2.2. Breath Sample Collection and Handling

Standard Tedlar bags (1 l, part no. 249-01-PP, SKC Inc.) were used to collect exhaled breath. During the sample collection appointment, research subjects were asked to hold their nose and breathe through their mouth. They were instructed to inhale to full lung capacity for 1-3 s, followed by exhaling the first half of their breath to the surroundings and the second half into the bag until the latter was above ˜80% full. The sample collection location was an outdoor university parking lot. The participants were not instructed to limit or control their smoking, food or alcohol intake prior to sample collection. Right after collection of one breath sample, the Tedlar bag was stored inside an air-tight container at ambient temperature and transported to the indoor lab housing the CE-DFCS setup for immediate data collection and analysis. The breath sample was warmed to 37° C. for 20 min to reduce condensation, then steadily flowed through the cleaned vacuum chamber held at room temperature (20° C.) at a rate of ˜1 l min⁻¹. Just before bag exhaustion, timely closure of the gas valves detained a portion of breath sample inside the chamber and a static pressure of 50 Torr (67 mbar) was reached (without re-condensation) for spectroscopic data collection. After the measurement, the breath sample was pumped out to an exhaust line leading to the building exterior. The used Ted-lar bag was autoclaved and disposed of. While direct sampling at atmospheric pressure by our breathalyzer is feasible, off-line sampling and negative pressure were adopted to ensure no SARS-CoV-2 could be introduced into the laboratory air. Spectroscopy data collection for each breath sample was completed in less than 10 min. This can be further reduced to about 1 s when optimized data acquisition and readout are implemented. Overall, from sample collection and transportation to completion of data analysis, the total time was less than an hour. Air samples were collected on separate days over the subject's recruitment period at the sample collection location as control specimens.

2.3. CE-DFCS Technique

The working principle of the CE-DFCS breathalyzer is illustrated in panel (a) of FIG. 4. A high-resolution broadband absorption spectrum having a total of 14,836 distinct molecular features, each measured ultra-sensitively at individual optical frequencies, was recorded for each breath sample (see sample spectrum in panel (b) of FIG. 4). The breath spectrum was processed by machine learning analysis for binary response classifications. For additional instrument details, see [19].
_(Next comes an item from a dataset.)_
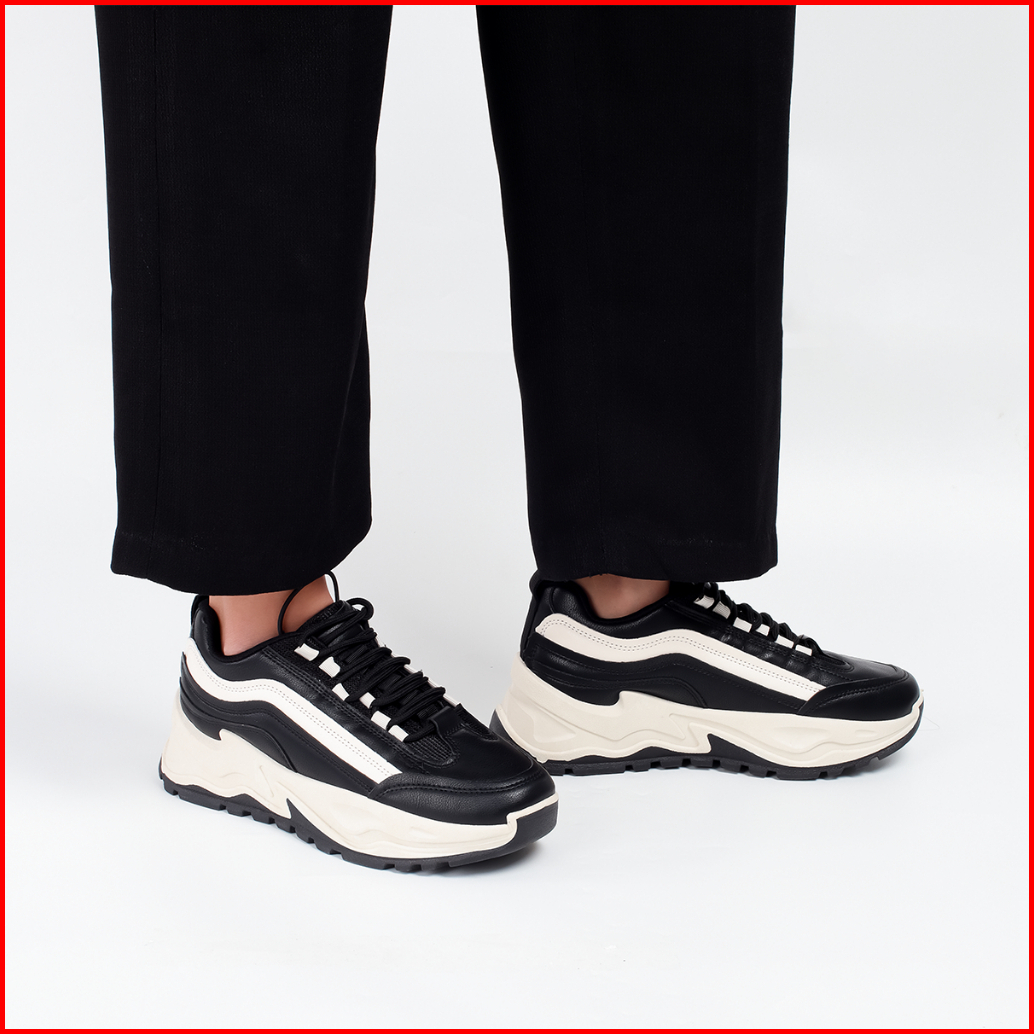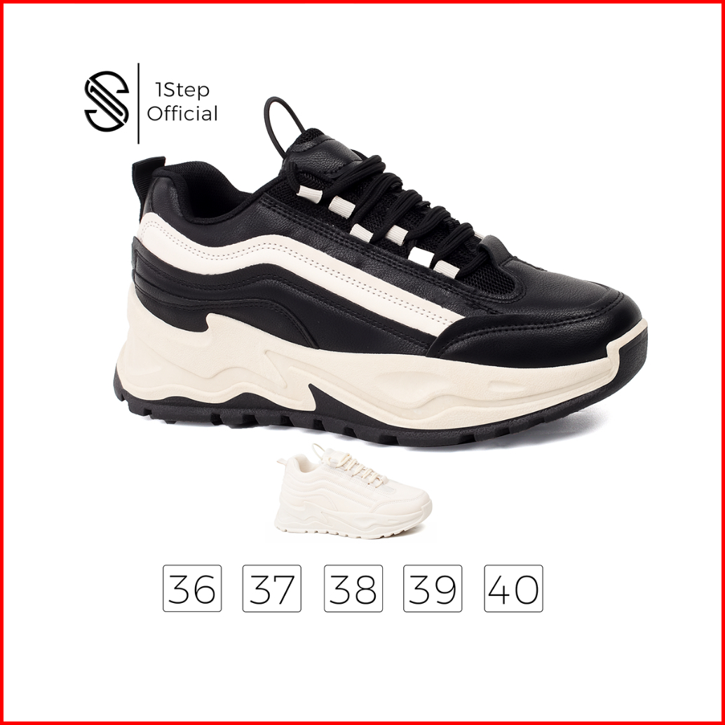 1step Taecyeon Sepatu Sneakers Wanita Hitam Putih Kasual Sport White Black Free Box Size 36-40

2.4. Machine Learning Analysis

We employed two spectral pre-processing techniques for machine learning analysis: (1) a pattern-based approach that directly used all 14,836 molecular absorption features as the predictor variables; (2) a molecule-based approach that used 16 known small-molecule compounds (H₂O, HDO, ¹²CH₄, ¹³CH₄, OCS, C₂H₄, CS₂, H₂CO, NH₃, CH₃OH, O₃, N₂O, NO₂, SO₃, HCl, and C₂H₆) fitted to the spectra as predictor variables. The former approach identifies all stable patterns that can be used for diagnostics, whereas the latter identifies only the patterns that can be reduced to known molecular identities, which may result in loss of utilizable chemical information but allows better interpretability into the model details. The 16 compounds were chosen due to their availability from the high-resolution transmission molecular absorption database [25]. While more molecules can potentially be uncovered and fitted, quantitative extraction of their identities requires cross-sectional data at our experimental conditions (20° C. temperature and 50-Torr pressure) to be available. Unfitted species are hence not used in the molecule-based analysis despite being potentially useful to facilitate better predictive power.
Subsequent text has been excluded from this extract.